6.5 Comparison of classification accuracies for five algorithms

To evaluate the classification performance with respect to generated reducts by the proposed incremental reduction algorithms (IRACR-M, IRACR-S), we use the results of the corresponding reduction algorithms to train the C4.5 classifier based on tenfold cross-validation method. IRACR-M, IRACR-S are used to select the attribute reducts when randomly selecting 50% of the objects as the basic data set and the remaining 50% of the objects as adding objects. The classification accuracy with respect to the raw data and the reduct result generated by different algorithms are shown in Table 8.

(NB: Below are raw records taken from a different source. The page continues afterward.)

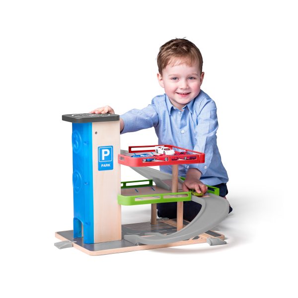 Un garaj din lemn cu un ascensor este foarte distractiv pentru micutii auto. Pur si simplu duceti masina la lift, duceti-o la ultimul etaj si parcati sau coborati la etaj. Garajul are trei niveluri de reglare a liftului. Ascensorul poate fi miscat usor mecanic in sus si in jos datorita rotii pivotante.
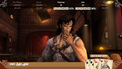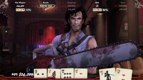 Poker Night 2 places you – the player – against four characters: Sam from Sam & Max, Ash from Evil Dead, Claptrap from Borderlands and Brock from The Venture Bros. GlaDOS from Portal becomes your artifical intelligence dealer, not only of cards, but of clever insults as well. You can enter two types of tournament, Texas Hold’Em and Omaha.
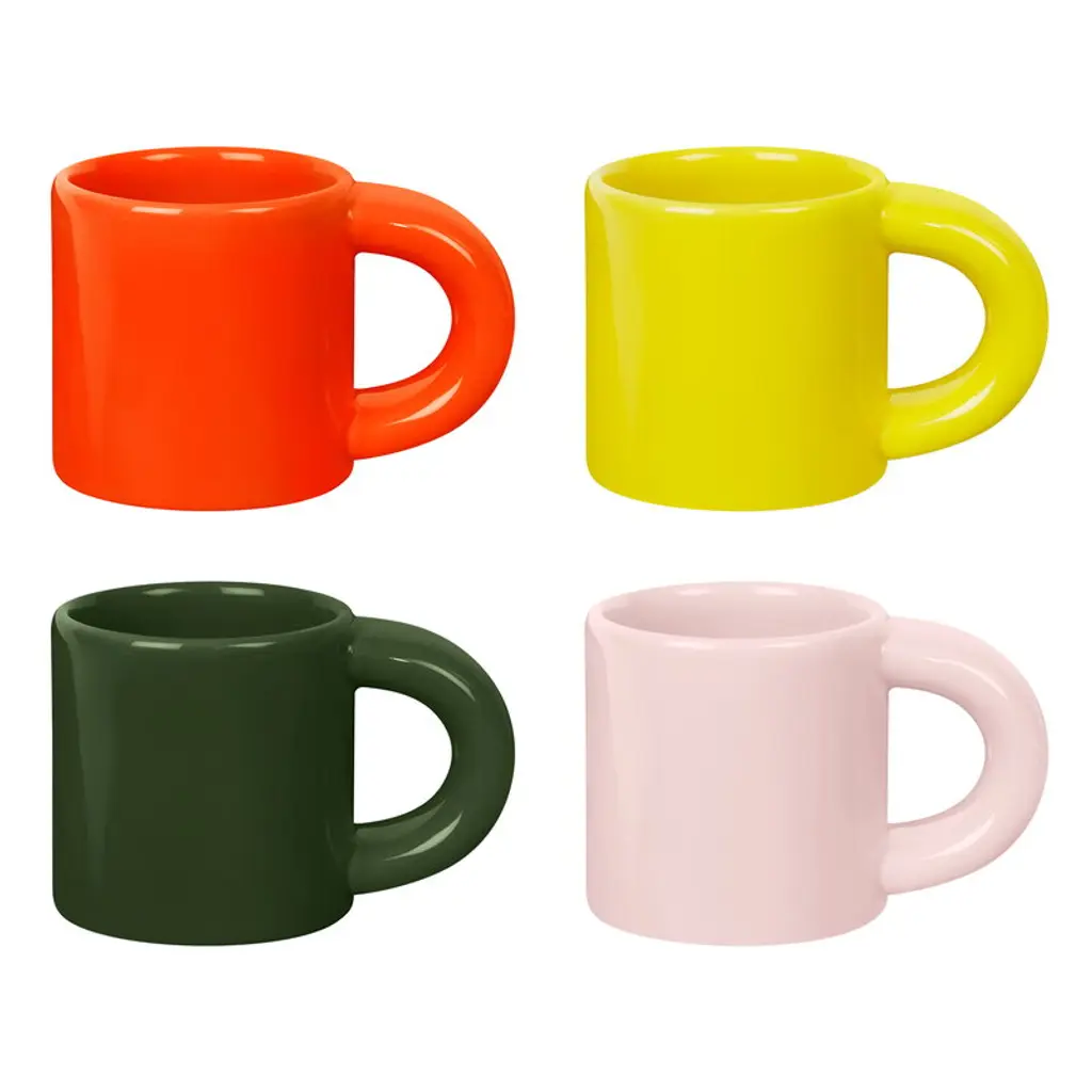 MoMA Exclusive: Cream, sugar and a touch of whimsy. These Creative Mugs and Espresso Cups bring a Memphis vibe to your coffee breaks with their colors and unusually shaped handles. Crafted from porcelain, each mug or cup is in a different upbeat color with a contrast-color handle, each in a different shape. Choose from a set of four mugs and a set of six espresso cups. Each set is sold separately. Dishwasher- and microwave-safe. Mugs: 3.5h x 4.7w x 3"d, 12ozEspresso Cups: 2.3h x 3.5w x 2.3"d, 3.4oz

Table 8 Comparison of classification accuracy for three algorithms

From Table 8, it can be seen that when adding objects into the decision systems, the average classification accuracy of the reduct selected by algorithms IRACR-M and IRACR-S is closed to that of algorithm SRACR on most data sets and the classification accuracy of IRACR-S are better than that of Initial reduct and SRACR on many data sets. The experimental results indicate that algorithm IRACR-M and IRACR-S can find a feasible reduct as algorithm SRACR and selecting a feasible reduct based on the incremental algorithms IRACR-M and IRACR-S can consume much shorter computational time.

7 Conclusions

In many real-world tasks, the objects of decision systems may vary dynamically. Quickly updating attribute reduction is a significant task for knowledge discovery. In this paper, firstly, the concept and properties of the conflict region are presented. When a single object and an object set are added into the decision systems, the incremental mechanisms for the conflict region are discussed. To further improve the efficiency of incremental reduction algorithms, we give an acceleration strategy and develop incremental feature selection algorithms with the acceleration strategy based on the conflict region in terms of adding a single object and an object set. Theoretical analysis and experimental results for UCI datasets have shown that the proposed algorithms can effectively reduce computational time to improve the performance of updating reduct. In the future, we will extend the acceleration strategy to the variation of the attribute set and discuss quickly incremental reduction algorithms when the attribute set varies.